Chapter 11: Indexing and Hashing - Summary Notes

Basic Concepts

  • Indexing Mechanisms: Used to enhance data access speed.
    • Example: Author catalog in a library.
  • Search Key: Attribute(s) used to look up records in a file.
  • Index File: Comprises records (index entries) in the format search-key pointer.
  • Index Size: Typically smaller than the original file.
  • Types of Indices:
    • Ordered Indices: Search keys stored in sorted order.
    • Hash Indices: Search keys uniformly distributed across buckets using a hash function.

Index Evaluation Metrics

  • Access Types Supported:
    • Exact match record retrieval.
    • Range of values.
  • Performance Metrics:
    • Access time
    • Insertion time
    • Deletion time
    • Space overhead

Ordered Indices

  • Storage Order: Search keys sorted based on their values.
  • Primary Index: Specifies the sequential order of a file.(also called clustering index). Usually linked with the primary key.
  • Secondary Index: Specifies an order different from the file's sequential order (also called non-clustering index).
  • Index-Sequential File: Combines ordered sequential file with a primary index.

Dense Index Files

  • Dense Index: Contains index records for every search-key value.
    • Example: An index on the ID attribute of an instructor relation.

Sparse Index Files

  • Sparse Index: Contains index records for only some search-key values.
  • Search Process: Locate the index record with the largest search-key value < K, then search sequentially in the file.
  • Benefits:
    • Requires less space.
    • Lower insertion/deletion overhead compared to dense indices.
    • Slower for locating records.

Secondary Indices

  • Functionality: Points to buckets with pointers to actual records (e.g., secondary index on salary of an instructor).
  • Consideration: Updating indices causes overhead on database modifications due to necessary updates on each index upon file changes.

Multilevel Index

  • Need for Multilevel Index: When the primary index does not fit into memory.
  • Structure: Outer sparse index of primary index, inner primary index.
  • Performance: Indices at all levels must be updated on file insertions or deletions.

Index Update: Deletion

  • Dense Indices: Similar to file record deletion.
  • Sparse Indices: Replace entry with the next search-key value if it exists; remove the search-key from the index if it's the last occurrence.

Index Update: Insertion

  • Dense Indices: Insert if not already present.
  • Sparse Indices: Only update if a new block is created and record values need to be added.

B+-Tree Index Files

  • Performance and Maintenance: Optimally reorganizes itself on insertions and deletions, eliminating the need for periodic reorganization.
  • Tree Properties: All paths from root to leaf are of equal length, with specified child and value limits for internal and leaf nodes.
    • Example: Leaf nodes must contain a selective range of values based on defined rules.

Queries on B+-Trees

  • Process: Navigate through nodes based on the search-key until locating the corresponding record or confirmation of its absence.
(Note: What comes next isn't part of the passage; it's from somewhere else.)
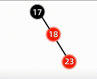 此时违反了红黑树不能有两个连续红结点的性质,并且对新插入的结点23来讲,它的叔叔结点不存在,因此我们考虑使用旋转来解决,观察发现此时是RR型的旋转,因此我们通过左旋来解决:

Handling Duplicates in B+-Trees

  • Duplicates: Allow same search-key value at multiple indices.
  • Search Adjustment: Traverse possible pointers to find all instances of the key rather than terminating at first find.
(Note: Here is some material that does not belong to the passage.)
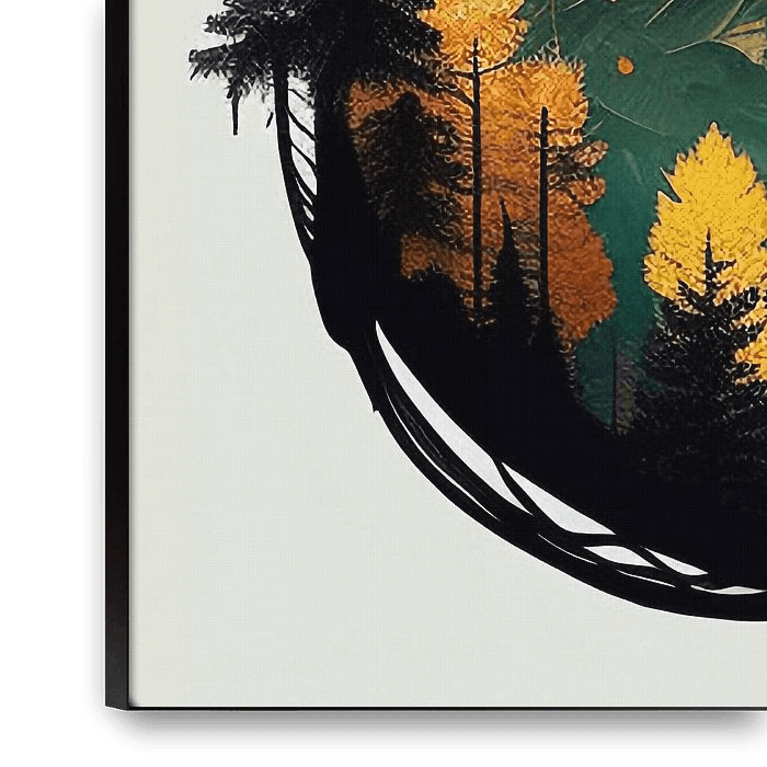 Cette peinture numérique captivante montre un paysage de montagne à couper le souffle dans un cadre circulaire d'arbres hauts et toujours verts. Les sommets des montagnes s'élèvent de manière dramatique, leurs pentes déchiquetées sont baignées d'une douce lumière dorée qui rappelle la chaleur d'un coucher de soleil automnal. Le…

Hashing: Static and Dynamic Hashing

  • Static Hashing: Uses a fixed number of buckets. Prone to overflow as the database grows. Requires reorganization if needed.
  • Dynamic Hashing: Can adjust the hash function and number of buckets based on the database size, maintaining efficiency. Example: Extendable hashing allows dynamically expanded hash address tables.

Bitmap Indices

  • Best Use Cases: Efficient for querying multiple keys with low distinct attribute values, e.g., gender, income levels.
  • Operation Types: Bitmap indices allow for efficient operations like intersection, union, and complementation for query processing.

SQL Index Definition

  • SQL syntax: CREATE INDEX <index-name> ON <relation-name> (<attribute-list>).
  • Unique Indexes: Enforce unique constraints on attributes.